I only lasted one season on the City of Brotherly Love Softball League. I had a wonderful time, and I got a great tan, but I really wasn’t very good and I wasn’t interested in getting better. So, when fall came, I gave my glove away and promptly forgot literally everything I’d learned about the sport. The next year, EJ was on the same team again and he said that they missed me. “You were very funny,” he said, in his relentlessly positive way. “You should come back. As a cheerleader.” Up until this point, I hadn’t been sure that anyone appreciated my presence. Sure, they laughed and they gave me good advice, and they celebrated when I got to first base and literally never any further. But I felt that same discomfort around them that I felt at random parties or sometimes at work or sometimes just walking down the street. And I’d assumed that what I was intuiting was the truth about them—that I just wasn’t man enough to be a part of their group. When, in reality, I was slowly realizing the truth about myself—that I had more work to do on my internalized homophobia.

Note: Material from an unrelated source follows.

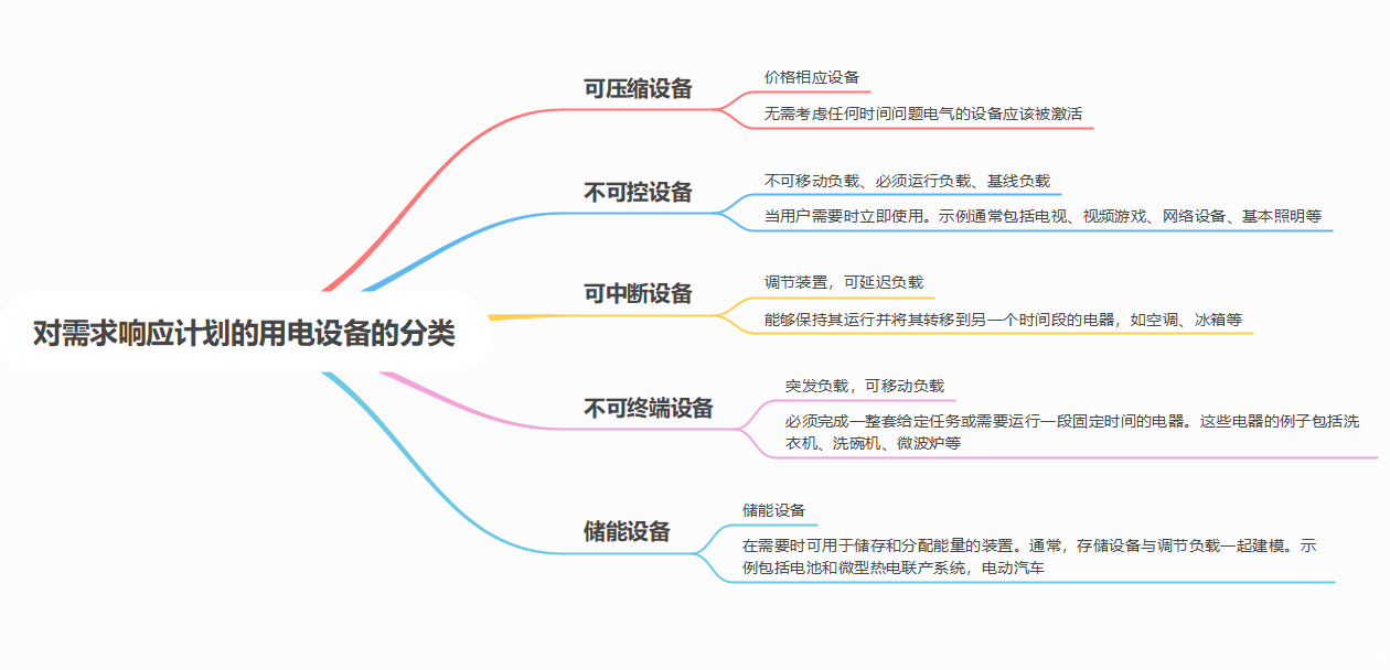 智能设备必须能够通过控制信号进行通信。为了有效运行,HEMS必须能够从设备接收一些基本信息。设备必须能够测量重要信息,如电流、电压、功率和温度,通过信号将这些数据发送给HEMS控制器,并接收来自HEMS的指令。因此,设备本身必须是智能的,或者需要使用智能插头将传统设备转换为智能设备。例如,智能冰箱可以将霜冻周期切换到非高峰时间,或者智能洗衣机可以将其运行周期推迟到非高峰时间。然而,大多数智能设备都能够由用户手动控制,以在需要时覆盖自动控制。例如,无论电价如何,如果用户需要打开空调,他们都可以这样做。智能设备之间的通信系统可以基于标准WiFi通信,这已经存在于室内。建筑物中常用的技术包括有线电力线通信(PLC)和各种技术,如采用IEEE 802.15.4标准的Zigbee、采用IEEE 802.11标准的WiFi、采用IEEE 802.15.4标准的WiFi、采用X10标准的X10以及采用IEEE 802.3标准的以太网。由于电器能源能源消耗方面具有不同的特点,因此很难为所有这些产品开发一个通用模型。因此,文献中的各种研究试图通过为所有设备创建一个有限的类别来简化HEMS的建模复杂性。通过使用这些类别,设备按照其一般行为分类到需求响应程序(DRP)。根据电器的特性对其进行分类,可以减少在HEMS中对其进行建模所需的信息。下图显示了设备及其特性和对DRP的响应。

It felt safer—and to be honest, more comfortable—to perform a kind of camp and use gayness as a punchline like a problematic eighties comedian. Better to be thought a queen than to open your purse and remove all doubt, isn’t that how the saying goes? I never felt that I was particularly flaming—would that I were; I feel like I’d be more interesting! But I knew that I wasn’t overtly masculine either.

On occasion, people will yell “gay” when they walk by me. Teenagers or whatever. Which I think is ridiculous. Even as I speed up my step to try to run from the sound. It’s a little bit of violence, a muted fury that I still cringe at like the brick to the side of my head. But in and of itself it doesn’t make much sense. It’s an absurdly un-insulting insult. “Gay!” they shout, always out of context and dangling dangerously without the anchor of a pronoun. “Gay!” It’s like, duh. Are you trying to tell me something I don’t know? How kind a gesture that would be! Some person with really extreme gaydar just tumbling through the world alerting people to their own sexual orientations. Like a blessing.

“Gay!” people shout. For whose benefit? I always wonder afterward, as they are walking away, or in the case of one strange man in South Philadelphia, continuing to sit at a red light while I stood on a street corner and stared at him. He had pulled up in a truck, immediately rolled down the window, and started yelling at me about how I was a faggot. And also a nigger. This was an intersectional moment. I just sort of looked at him, mostly out of surprise. And then out of confusion; I was wearing sweatpants and an old T-shirt. This guy must have been a professional faggot-spotter. It was almost impressive. After letting me know who and what I was, he then rolled his window back up and stared straight ahead, waiting for the light to change.


When the fact of your being is used as a weapon against you, the process of relearning who you are and what your value is, is a long one. I don’t know that I’ll ever be finished. I don’t know that I’ll ever be fully there. But I’ve learned I can’t be the first person out there calling myself a faggot just to get it out of the way. That’s not how one stays safe and that’s not how one creates community. That energy doesn’t go out into the world lightly or without cost.

Years after my time in a restaurant and my brief stint on a softball field, I am more at home in myself than ever, and it’s due in large part to those experiences, the people in those spaces who accepted me in all my unresolvedness and problematicness and taught me how to tell the truth about who I am, without burying it in a joke. For years, I thought that the way to keep from getting burned was to set myself on fire first or to snuff out my light. I didn’t know that I was a phoenix, growing more powerful with every unsuccessful attempt at the drag of presentability, every hurled insult, every strike, and every split. The flame is not my liability but my strength. It was inside me all along.